The Daniel children share more than just a familial bond and childhood memories. They share a genetic mutation that puts them at risk of developing a life-threatening heart condition. When their dad died suddenly at age 68, it was a wake-up call for the whole family.
Monica, one of four siblings, was referred to the Stanford Center for Inherited Cardiovascular Disease after her older sister Kristina was diagnosed with hypertrophic cardiomyopathy. Kristina’s diagnosis set off a cascade of events meant to protect her, her siblings and their families.
“I always thought something was off, but no one could really tell me what until coming to Stanford,” said Monica, who had a history of intermittent heart irregularities such as a rapid heart rate, chest pain and an irregular heartbeat. At her first appointment at the Stanford Center for Inherited Cardiovascular Disease, Monica underwent a series of tests to determine how her heart worked at both rest and exercise.
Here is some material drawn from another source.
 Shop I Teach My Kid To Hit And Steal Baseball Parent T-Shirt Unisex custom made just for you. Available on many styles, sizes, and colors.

She met with the team—Cardiologist Euan Ashley, MD; Clinical Nurse Specialist Heidi Salisbury, CNS; and Genetic Counselor Mitchell Pariani, MS, CGC. A follow-up MRI confirmed Dr. Ashley’s hunch. Monica’s heart showed minor symptoms of hypertrophic cardiomyopathy. “This is a disease where a genetic change in the gene that codes for the heart muscle causes the heart to become thicker and stiffer,” said Dr. Ashley. Hypertrophic cardiomyopathy can be associated with irregular heart rhythms, exercise intolerance, shortness of breath, chest pain and sudden death. Because of Monica’s young age and active lifestyle, Dr. Ashley recommended she have a small defibrillator implanted under her skin to monitor her every heartbeat.
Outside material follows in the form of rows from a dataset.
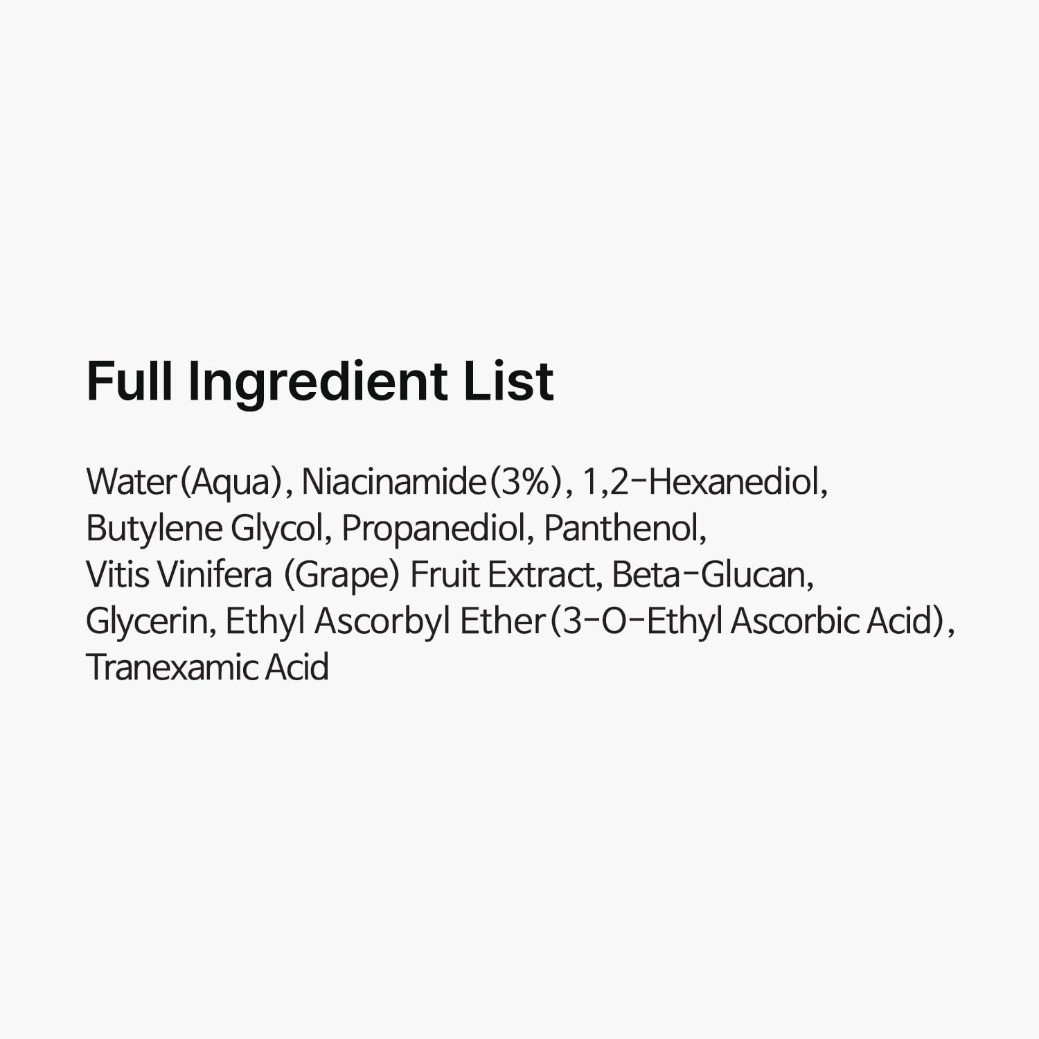 Aqua, Niacinamide (3%), 1,2-Hexanediol, Butylene Glycol, Propanediol, Panthenol, Vitis Vinifera (Grape) Fruit Extract, Beta-Glucan, Gycerin, 3-O-Ethyl Ascorbic Acid, Tranexamic Acid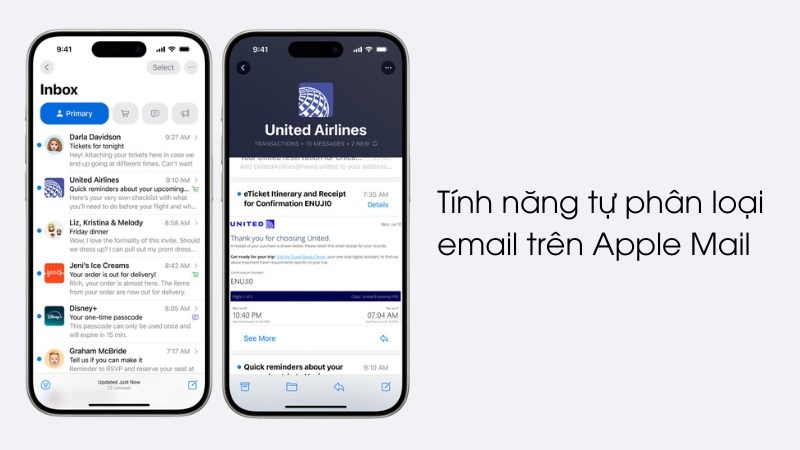 Ứng dụng Apple Mail trong phiên bản này đã được nâng cấp khá nhiều giúp người dùng quản lý hộp thư thuận tiện hơn nhờ tính năng phân loại email thông minh mà không cần dùng đến mạng internet. Ứng dụng này sẽ tự động phân loại email vào các danh mục như thư quảng cáo, thư quan trọng, thư rác, thư từ mạng xã hội,...giúp bạn tiết kiệm thời gian lọc hơn nhiều.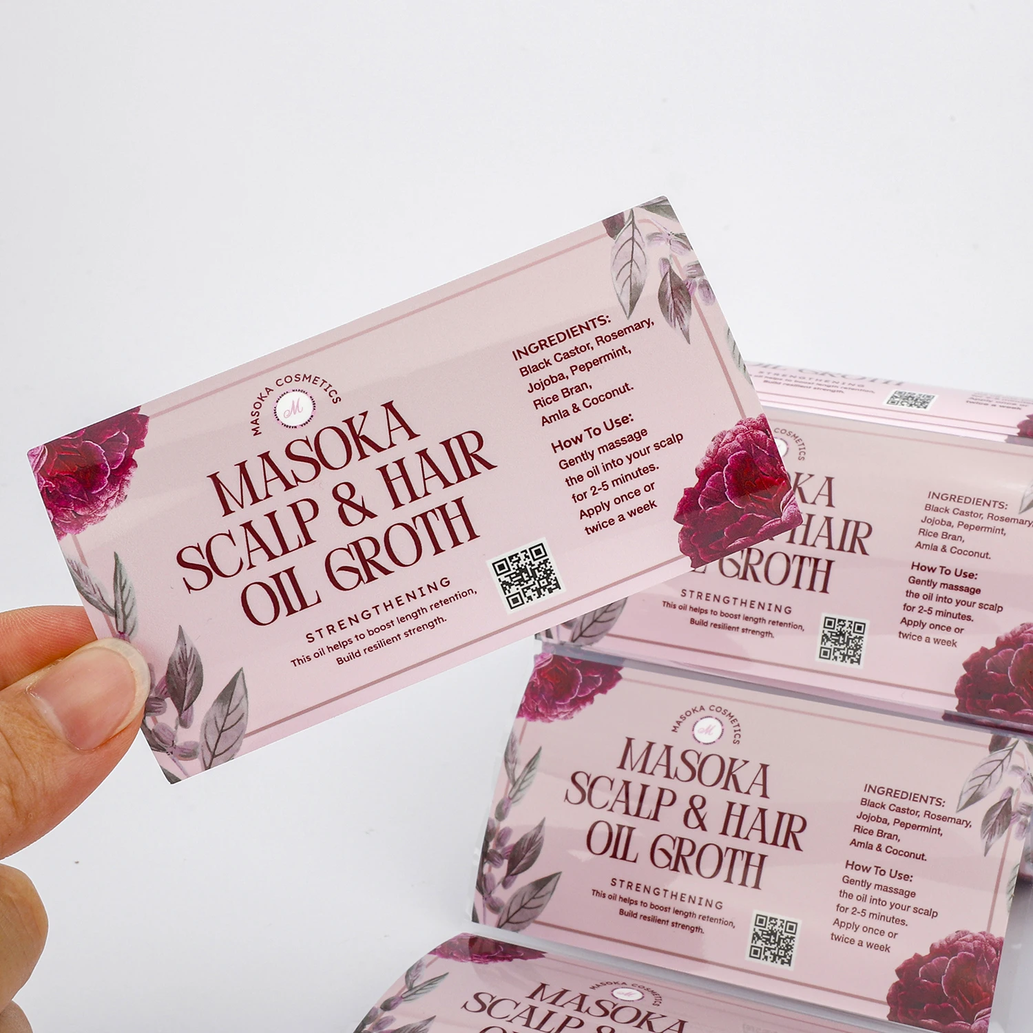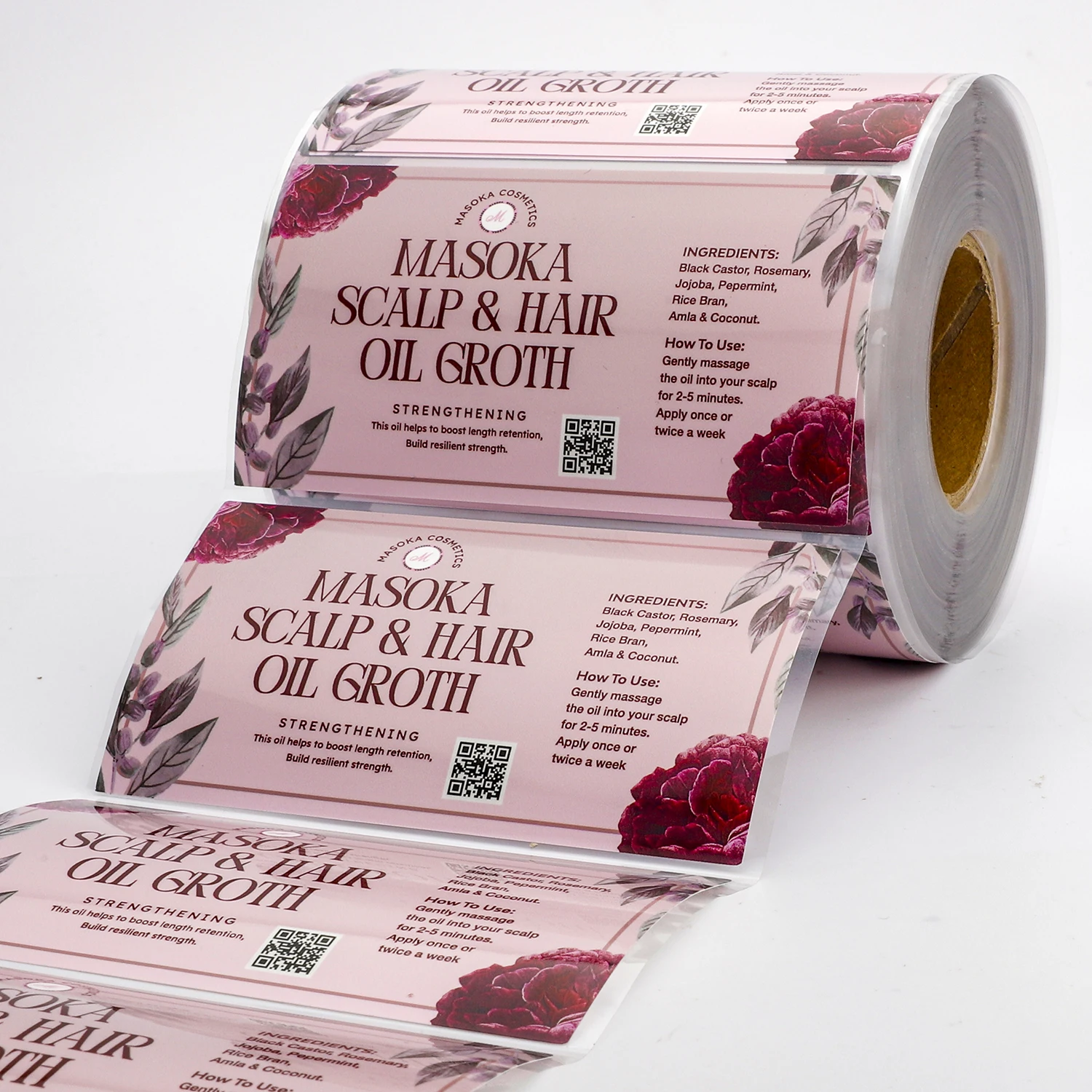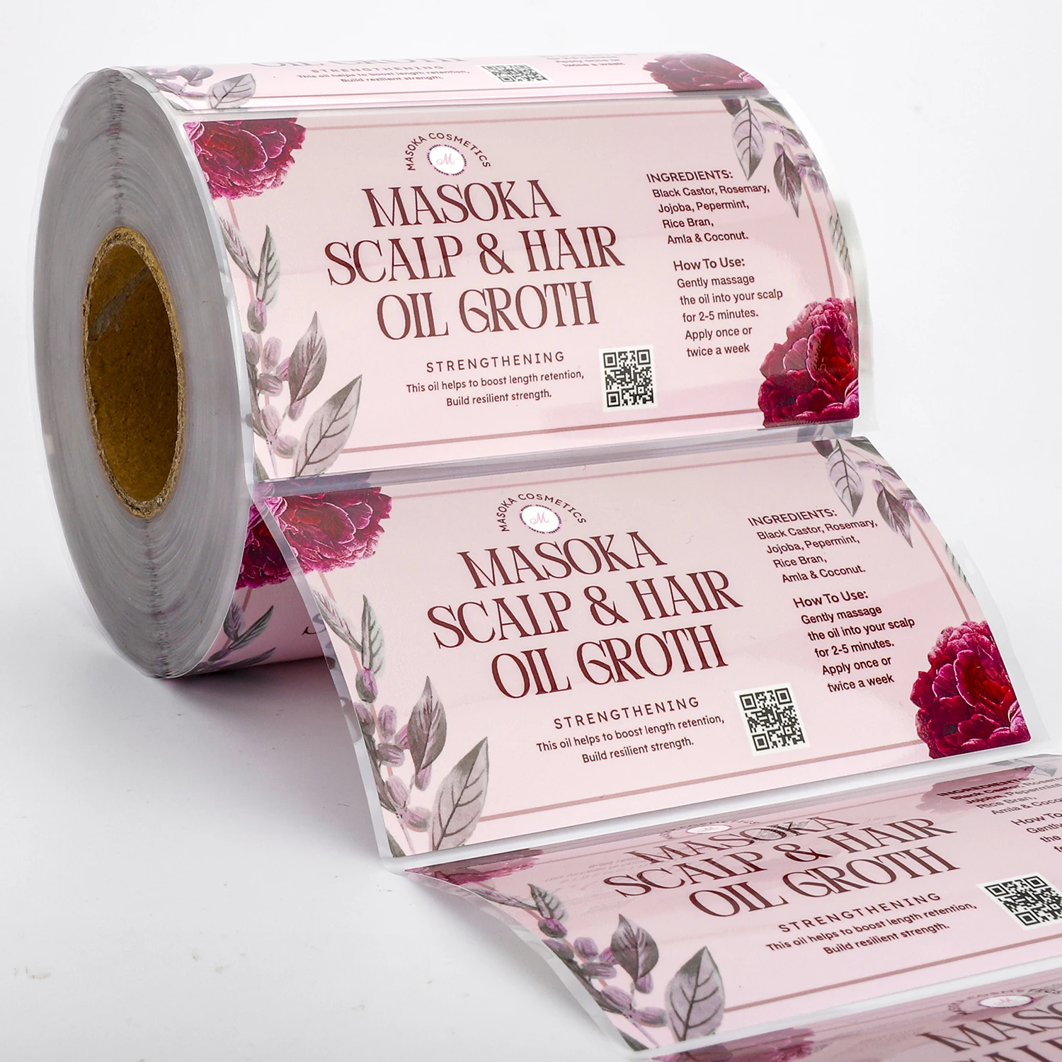 Customized Gold Foil Logo Printing Waterproof Adhesive Vinyl 100ml Hair Growth Oil Roll Sticker Labels For Hair Oil Bottles

“For patients who live at risk of having those bad rhythms, it can be very reassuring to know that they essentially have a little mini hospital under their skin monitoring their heart, every beat,” he said. “If they were to be in a particularly bad rhythm, it can even deliver therapy and bring their heart back to normal rhythm.”
“The Stanford team provided a really good picture of what various options could look like,” said Monica, who chose to have a defibrillator implanted in her chest this past spring.
A team approach
The Center combines the expertise of physicians, clinical nurse specialists and genetic counselors, all of whom have training in inherited cardiovascular conditions. Together they care for patients through their lifespan and across generations. Because these conditions are inherited, care extends to the patient’s whole family.
“You’re here for your own care. But we’re also thinking about your children, and your brothers, and your sisters, and your cousins, and your parents,” said Colleen Caleshu, MS, one of five genetic counselors in the Center. It’s important for family members who have a heart condition to get evaluated, even if they are symptom free. “Families with inherited heart conditions can live very well with their heart conditions,” said Caleshu. “Every single inherited heart condition that we know of to date has a treatment, and that treatment can absolutely be life saving.”
For Monica, understanding her condition meant choosing to have a defibrillator implanted. That knowledge also informed her family planning. “I’m the only one of my siblings who doesn’t have kids yet, so I wanted to understand what family planning would look like with this disease, and with this device,” she said.“I can stop this disease dead in its track, and that’s provided a lot of comfort.” Monica recalls the first conversation she had with Salisbury, sharing her medical history and the loss of her dad. Salisbury told her, “You know the best way to honor your father is going to be to make sure that his kids live a super long and healthy life, and we’re here to help you do that.”
“The whole team at Stanford has really gone out of their way to make sure that we were comfortable with the diagnosis, comfortable with their recommendations, comfortable with how this would affect our lives,” said Monica. “I feel immense gratitude to have the knowledge of the condition that I have, and to have the team in place who will be able to provide the best care for the rest of my life.”